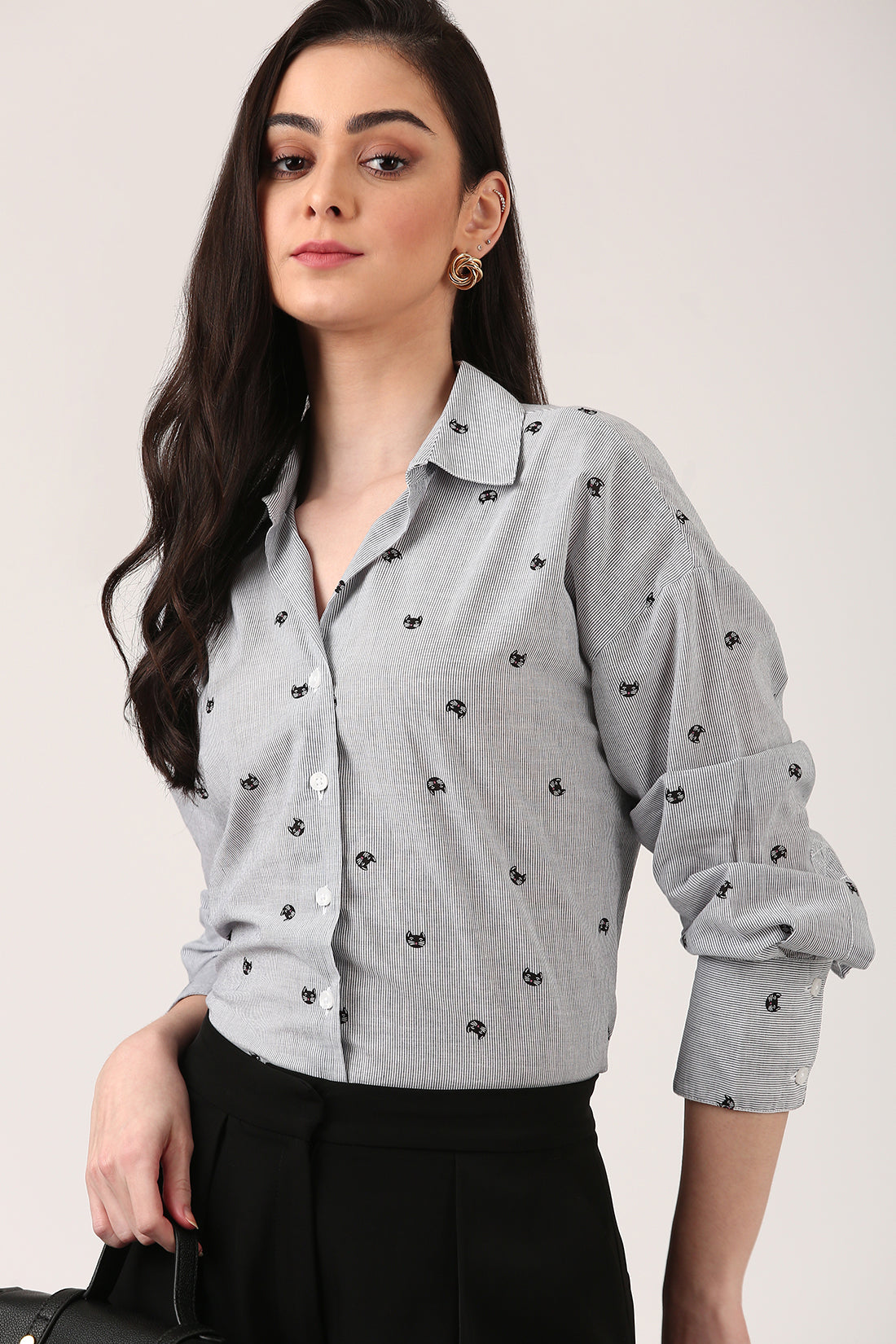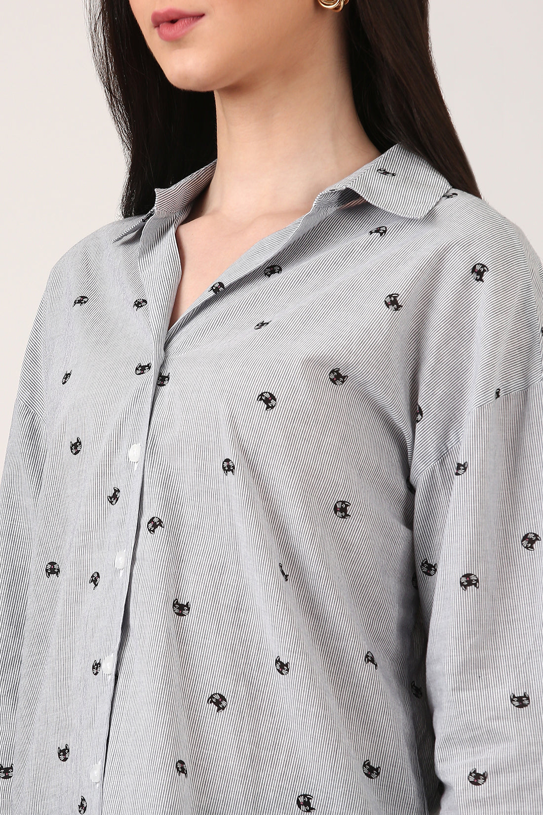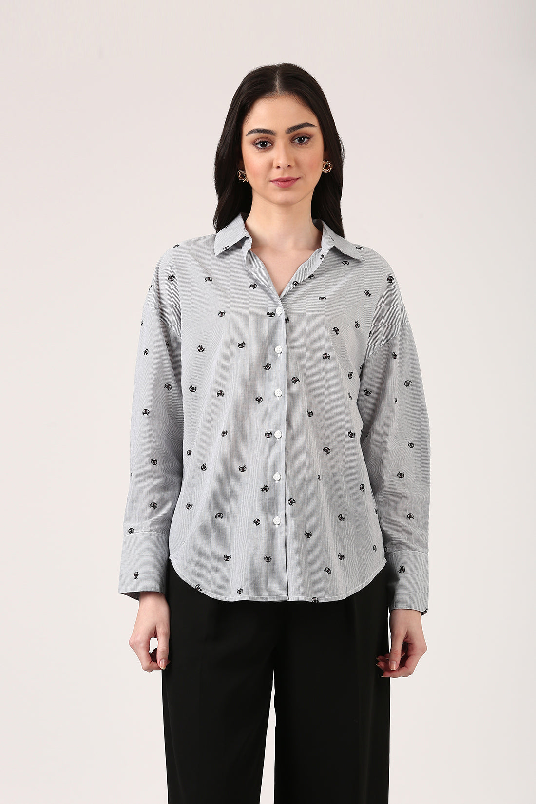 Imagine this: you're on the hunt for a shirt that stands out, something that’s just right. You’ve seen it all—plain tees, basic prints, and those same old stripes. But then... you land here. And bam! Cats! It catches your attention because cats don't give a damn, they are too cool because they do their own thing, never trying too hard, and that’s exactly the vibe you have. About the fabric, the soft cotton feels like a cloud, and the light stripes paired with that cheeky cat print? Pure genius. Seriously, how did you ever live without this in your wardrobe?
+===+
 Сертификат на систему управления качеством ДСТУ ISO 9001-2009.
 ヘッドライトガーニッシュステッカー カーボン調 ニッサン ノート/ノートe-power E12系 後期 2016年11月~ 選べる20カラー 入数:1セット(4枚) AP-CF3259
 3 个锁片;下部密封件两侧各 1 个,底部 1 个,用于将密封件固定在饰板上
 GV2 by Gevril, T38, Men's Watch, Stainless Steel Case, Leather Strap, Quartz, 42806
+===+
*Instructions for the task*.
In the listing above, locate the line containing "Сертификат на систему" and the line containing "3 个锁片;下部密封件两侧各 1 个,底部 1 个,用于将密封件固定在饰板上". Extract those two lines and every line between them, exactly as written, and only those.

*Solution for this task*.
 Сертификат на систему управления качеством ДСТУ ISO 9001-2009.
 ヘッドライトガーニッシュステッカー カーボン調 ニッサン ノート/ノートe-power E12系 後期 2016年11月~ 選べる20カラー 入数:1セット(4枚) AP-CF3259
 3 个锁片;下部密封件两侧各 1 个,底部 1 个,用于将密封件固定在饰板上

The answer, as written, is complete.